Work item: In your copy of the data below, reproduce every entry exactly and omit the pictures.

Collected data entries:
^^^^^^^^^^^^^^^^

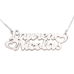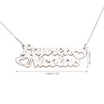 The Two Name Necklace with Hearts in Between is the great Gift for your loved one. You can Customize 2 Names of your Choice in that Necklace. The two names was connected by hearts. The Necklace Gives Stunning Look to the who wears it. It comes in 5 different Materials such as Sterling Silver, Gold Plated, Rose Gold Plated, 14k Gold and 14k White Gold. Available Chain lengths are 14" , 16" , 18" , 20" , 22" . Engrave yours Now!
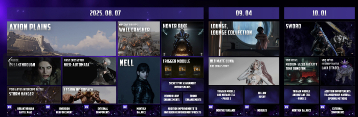 정해진 시간마다 액시온 중앙에 등장하는 필드 거신 '월크래셔'도 새로운 재미를 제공한다. 필드 거신 콘텐츠에는 최대 8인이 참여할 수 있고, 육중한 크기와 강력한 공격을 자랑하는 월크래셔를 이용자들과 함께 공략하는 재미를 느낄 수 있다. 레이드 콘텐츠 '심층부 요격전'에도 신규 보스 '스톰행어'가 추가된다. 스톰행어는 기존 '행드맨'의 변종이며 맞춤형 공략이 필요한 거신이다. 처치 시 '스톰행어 스킨'과 '콜로토이즈 스킨' 등으로 교환할 수 있는 '품질 보증 ETA 교환증'을 얻을 수 있다.
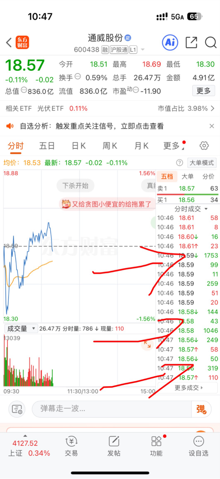 $通威股份(SH600438)$ 还是有很多大单子不看好这个股的,愿意无条件低价卖的,现在卖方的意思就是给钱我就卖,可能未来这个股会一文不值,
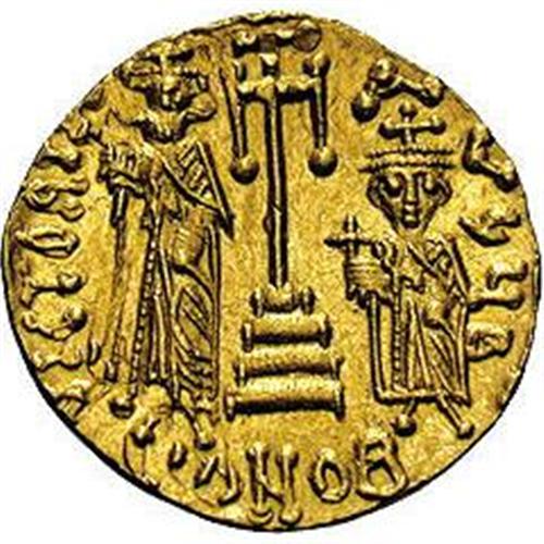 <B>Constans II.</B></I> 641-668 AD. AV Solidus (19 mm, 4.33 g). Constantinople, ca. A.D. 661-ca. 663. Crowned facing busts of Constans and Constantine IV; cross above / Cross potent on three steps between standing figures of Heraclius and Tiberius; B/CONOB. DOC 30b; SB 964. XF.<BR><BR><b>Shipping:</b> Coins & Currency (<a target="_blank" href="http://www.heritageauctions.com/common/shipping.php">view shipping information</a>)
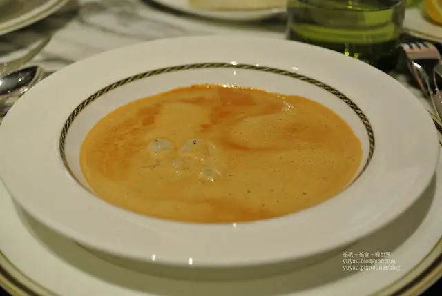 有訂枱, 不過其實walk in 都可以因平日唔多人有dinner set,所以唔諗...就order 2份是日有推介organic Merlot 紅酒同fresh milk老公就叫左紅酒, organic 就唔識欣賞, 但老公話透下氣之後都幾好飲喎座位側邊有音樂聽, 佢只會自己彈奏, 唔會逐枱叫你點唱有人生日就夾埋職員送上蛋糕, 兼且彈奏生日歌餐廳整體感覺都舒服set dinner 來之前, 先食住面包, 面包無咩特別, 有少少硬身....跟住因為無煙三文魚呢個前菜, 所以我同老公都點左龍蝦湯個湯唔會話有層燶味, 濃度啱啱好, 幾塊龍蝦肉, 超級鮮甜超好味呀!!
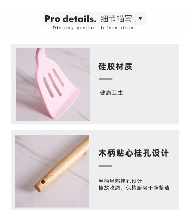 실리콘 주방용품 세트, 내열성, 미끄럼 방지 나무 손잡이, 베이킹 및 요리 도구, 주방 용품, 국경 간 대량 재고 있음스토어 가기
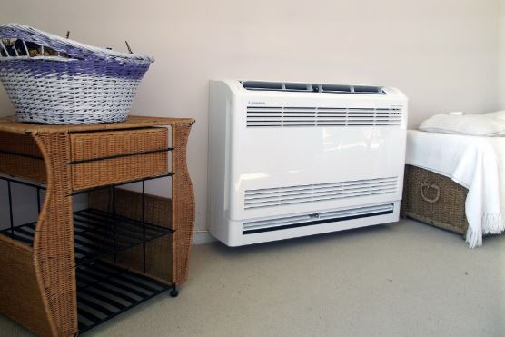 Vent-free wall heaters are the most compact space heaters. They attach to an interior wall of your home and burn gas fuel so efficiently that they don't need a venting system. They come in two categories: blue flame and infrared. Many models offer a separate floor stand in case you do not wish to mount it to the wall.
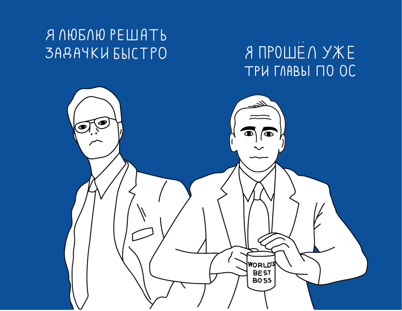 У нас два героя: Никита и Алик. Никита — middle проджект группы, любит быстро решать задачки от руководителя. Алик — его GН. Прошел уже три главы курса по ОС

^^^^^^^^^^^^^^^^

Exercise response:
 The Two Name Necklace with Hearts in Between is the great Gift for your loved one. You can Customize 2 Names of your Choice in that Necklace. The two names was connected by hearts. The Necklace Gives Stunning Look to the who wears it. It comes in 5 different Materials such as Sterling Silver, Gold Plated, Rose Gold Plated, 14k Gold and 14k White Gold. Available Chain lengths are 14" , 16" , 18" , 20" , 22" . Engrave yours Now!
 정해진 시간마다 액시온 중앙에 등장하는 필드 거신 '월크래셔'도 새로운 재미를 제공한다. 필드 거신 콘텐츠에는 최대 8인이 참여할 수 있고, 육중한 크기와 강력한 공격을 자랑하는 월크래셔를 이용자들과 함께 공략하는 재미를 느낄 수 있다. 레이드 콘텐츠 '심층부 요격전'에도 신규 보스 '스톰행어'가 추가된다. 스톰행어는 기존 '행드맨'의 변종이며 맞춤형 공략이 필요한 거신이다. 처치 시 '스톰행어 스킨'과 '콜로토이즈 스킨' 등으로 교환할 수 있는 '품질 보증 ETA 교환증'을 얻을 수 있다.
 $通威股份(SH600438)$ 还是有很多大单子不看好这个股的,愿意无条件低价卖的,现在卖方的意思就是给钱我就卖,可能未来这个股会一文不值,
 <B>Constans II.</B></I> 641-668 AD. AV Solidus (19 mm, 4.33 g). Constantinople, ca. A.D. 661-ca. 663. Crowned facing busts of Constans and Constantine IV; cross above / Cross potent on three steps between standing figures of Heraclius and Tiberius; B/CONOB. DOC 30b; SB 964. XF.<BR><BR><b>Shipping:</b> Coins & Currency (<a target="_blank" href="http://www.heritageauctions.com/common/shipping.php">view shipping information</a>)
 有訂枱, 不過其實walk in 都可以因平日唔多人有dinner set,所以唔諗...就order 2份是日有推介organic Merlot 紅酒同fresh milk老公就叫左紅酒, organic 就唔識欣賞, 但老公話透下氣之後都幾好飲喎座位側邊有音樂聽, 佢只會自己彈奏, 唔會逐枱叫你點唱有人生日就夾埋職員送上蛋糕, 兼且彈奏生日歌餐廳整體感覺都舒服set dinner 來之前, 先食住面包, 面包無咩特別, 有少少硬身....跟住因為無煙三文魚呢個前菜, 所以我同老公都點左龍蝦湯個湯唔會話有層燶味, 濃度啱啱好, 幾塊龍蝦肉, 超級鮮甜超好味呀!!
 실리콘 주방용품 세트, 내열성, 미끄럼 방지 나무 손잡이, 베이킹 및 요리 도구, 주방 용품, 국경 간 대량 재고 있음스토어 가기
 Vent-free wall heaters are the most compact space heaters. They attach to an interior wall of your home and burn gas fuel so efficiently that they don't need a venting system. They come in two categories: blue flame and infrared. Many models offer a separate floor stand in case you do not wish to mount it to the wall.
 У нас два героя: Никита и Алик. Никита — middle проджект группы, любит быстро решать задачки от руководителя. Алик — его GН. Прошел уже три главы курса по ОС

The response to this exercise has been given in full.